So the peace process was left to cajoling. It is difficult not to respect John Kerry’s efforts and the doggedness of his pursuit. He understood the issues well, and was willing to raise rhetorical points about the costs to Israel of continued occupation to the extent that the Israeli Right came seriously to hate him. But he never had the real power of the American state behind him: he could never say to Israel, fine, do what you want, but America is not going to subsidize it any longer, nor have your back in the United Nations. The “special relationship” of American unconditional support for Israel was never up for negotiation. Kerry was a diplomat without any of the tools in the diplomat’s kit, remarkable since he was supposedly representing a superpower.
At this point, who can wish to revive the corpse? Israel doesn’t have a political majority that favors a genuine Palestinian state with contiguous territory, control of its own borders and its capital in Jerusalem; that is now beyond dispute. (Though certainly many Israelis, perhaps 40 percent, do favor such an outcome.) Since a pro-settler fanatic assassinated Yitzhak Rabin in 1995, every successive Israeli government has become more under the sway of settler ideology and political power. If Israelis once thought of the West Bank as a terrific bargaining chip, to be swapped for peace and acceptance in the region, that was long ago: most Israelis think of the territories as Judea and Samaria, inextricably part of Israel. And John Kerry and Barack Obama have established, beyond a shadow of a doubt, that they aren’t willing or able to do anything about it.
But that doesn’t put an end to the matter.
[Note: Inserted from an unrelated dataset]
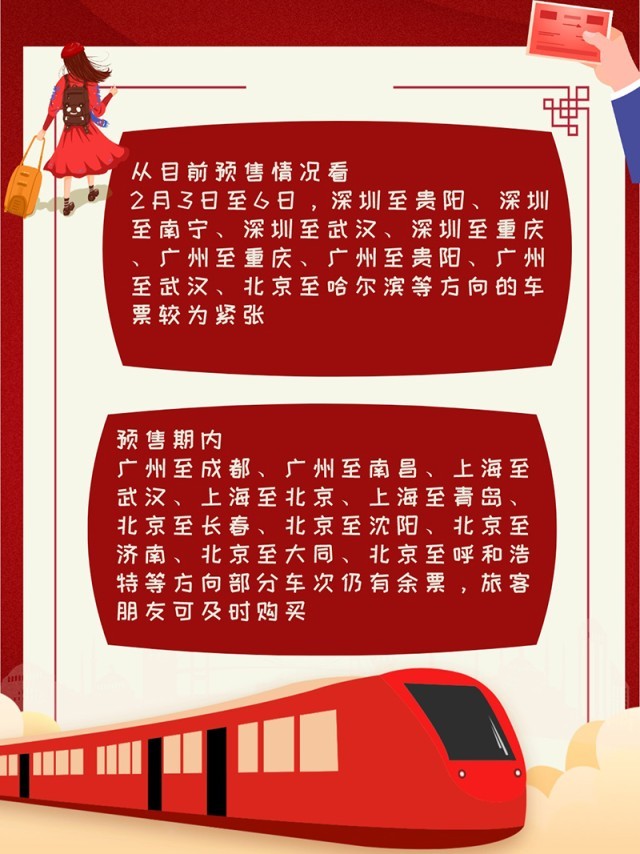 從目前預(yù)售情況看,2月3日至6日,深圳至貴陽、深圳至南寧、深圳至武漢、深圳至重慶、廣州至重慶、廣州至貴陽、廣州至武漢、北京至哈爾濱等方向的車票較為緊張。預(yù)售期內(nèi),廣州至成都、廣州至南昌、上海至武漢、上海至北京、上海至青島、北京至長春、北京至沈陽、北京至濟(jì)南、北京至大同、北京至呼和浩特等方向部分車次仍有余票,旅客朋友可及時(shí)購買。
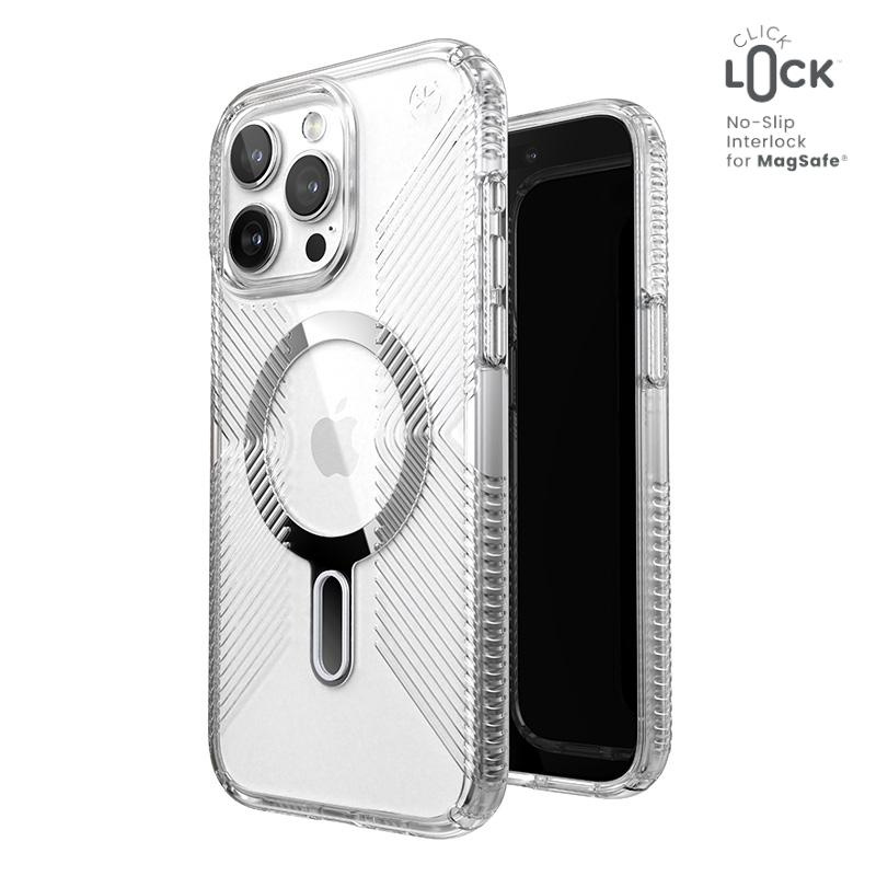 Speck Presidio® Perfect-Clear Grip MagSafe® avec la technologie antidérapante ClickLock™ Interlock est un étui transparent avec aimant intégré, compatible avec les accessoires Apple MagSafe®.

The circumstances of Palestinian life in the occupied West Bank are, for the most part, horrendous. Authors Peter Beinart and Hussein Ibish made this crystal clear last week at a Columbia University event. Chronicling the roadblocks—physical and bureaucratic—that obstruct Palestinian life every day, Ibish told the audience that there’s not a single person in this room who would accept living in such conditions without resisting. Beinart added,
You cannot permanently hold people without a passport, without the right to vote for the government that controls their lives, and the right to live under the same legal system as their neighbors who are of a different religion or ethnic group. Israel either solves that problem, by giving Palestinians a state of their own which you and I both want or– or– Israel will ultimately have to give citizenship and voting rights to Palestinians on the West Bank in the state of Israel, which will mean the end of the Jewish state of Israel.
Irrefutable as is this logic might be, in the absence of an American-led peace process, what will happen next? One view, put forth by Tony Klug and Sam Bahour in Le Monde Diplomatique is that Israel must be forced to choose whether the West Bank is occupied territory, or whether—after fifty years—the occupation has become permanent. Of course this would have been clarified long ago had not the obfuscations of the “peace process” allowed Israel to pretend the occupation was temporary. Israel denies the territory is occupied on legal grounds, which are accepted by no other country (though Sheldon Adelson has apparently persuaded some American politicians of Israel’s viewpoint). But if the West Bank is not occupied, it is annexed and part of Israel, and Israel will become legally what it already is de facto—an apartheid state—one with different laws for its different ethnic groups. As the occupation approaches the 50 year mark, it is time, the authors argue, to clear up the ambiguity.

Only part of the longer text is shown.